Large-Scale Hiring Fraud Uncovered

Amazon said it blocked more than 1,800 job applications tied to suspected operatives from North Korea, who attempted to obtain remote information technology roles. According to Amazon’s chief security officer Stephen Schmidt, applicants used stolen or fabricated identities to bypass hiring controls.

The company reported a near one-third rise in such applications over the past year, suggesting the activity is growing rather than episodic.

Fake Identities and Laptop Farms

Amazon said the applicants relied on increasingly sophisticated tactics, including hijacking inactive LinkedIn accounts to impersonate legitimate software engineers. Some operatives used “laptop farms”—US-based computers accessed remotely from abroad—to appear physically located inside the country during recruitment checks.

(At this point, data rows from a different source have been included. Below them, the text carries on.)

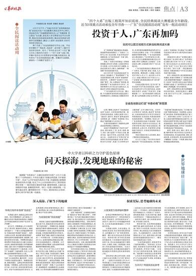 羊城晚报记者 陈亮 海啸离广东有多远?火星和地球有何关系?4月22日是第57个世界地球日,今年的主题为“珍爱自然资源,守护美丽中国”。在这个以守护地球为名的日子里,羊城晚报记者围绕
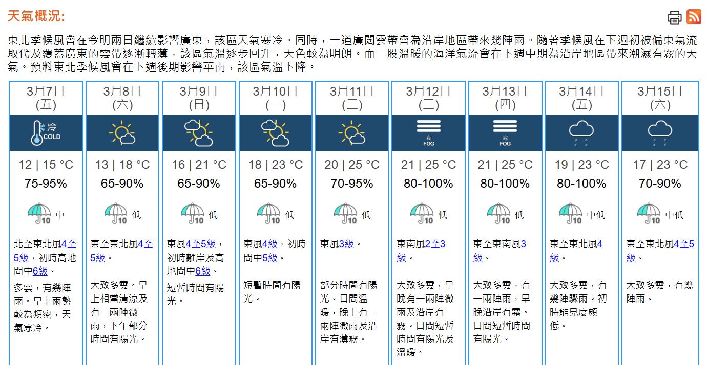 即時熱點 天氣|天文台:早上雨勢較頻密 最高15°C (08:22) 發佈於 8 個月 前 2025 年 3 月 7 日 By 明報 上午8時,天文台錄得氣溫13.6°C,相對濕度83%。 受東北季候風影響,華南天氣寒冷。本港方面,今早(7日)氣溫普遍降至12°C左右。此外,一道廣闊雲帶亦為廣東帶來有雨的天氣。 本港地區今日多雲,有幾陣雨。早上雨勢較為頻密,天氣寒冷。日間最高氣溫約15°C。吹和緩至清勁北至東北風,初時高地間中吹強風。 展望明早(8日)氣溫仍然較低。下周初氣溫逐漸回升,天色較為明朗。下周中期漸轉潮濕有霧,日間溫暖。(天文台) 相關文章:天文台天氣天氣速遞編輯推介 Up Next 短片:30年樓齡自置公屋翻新提升採光度空間感 硅藻土牆身吸濕防霉 (14:13) 不要錯過 黃花風鈴木|短片:機場黃花風鈴徑 市民賞黃金花海 (14:05) 繼續閱讀 贊助商 猜你喜歡 風神|天文台:下周一考慮直接發三號波 將評估需否發更高風球 下周二至四料低至20°C (16:53) 天氣|天文台:周五有驟雨 氣溫28至32°C (19:45) 天氣|天文台:周四局部地區有驟雨 日間炎熱最高32°C (21:00) 天氣|天文台:今早多處地區錄5毫米雨量 今日多雲有驟雨 下午部分地區雨勢較大有雷暴 (09:20) 天氣|酷熱警告生效 天文台:周末有一兩陣驟雨 (08:22) 天氣|天文台:周四天晴局部地區有驟雨 最高32°C (20:56)
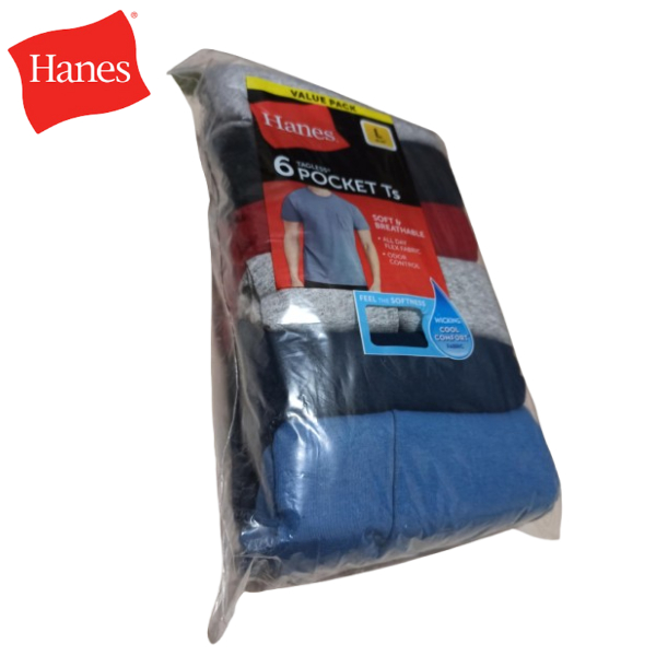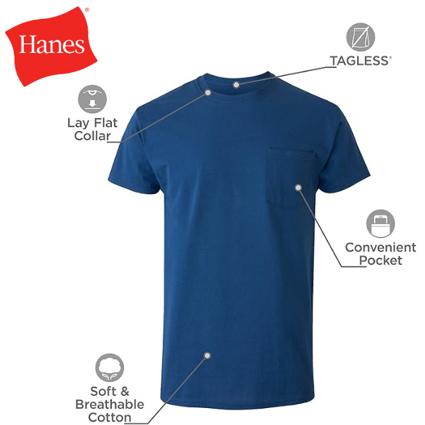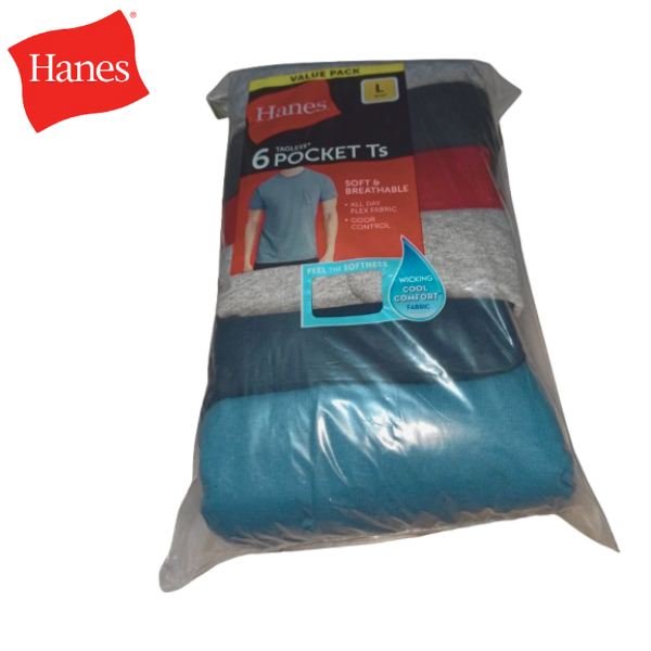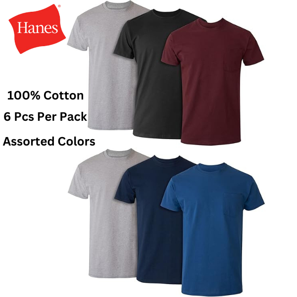 Hanes Men's Pocket Undershirt Pack, Cotton Crew Neck T-Shirt, Moisture Wicking Tee, Assorted 6 PPack

The firm combined AI-based screening tools with manual reviews by security staff but warned that identity fraud methods are becoming harder to detect.

Wider Security and Legal Context

U.S. authorities have previously uncovered 29 illegal laptop farms operating nationwide. Prosecutors say one Arizona-based scheme placed operatives inside over 300 US companies and generated more than $17 million in illicit revenue, with funds routed back to Pyongyang.

Officials warn that income from overseas IT work is used to support state programs, including weapons development, increasing pressure on companies to tighten remote hiring verification and sanctions compliance.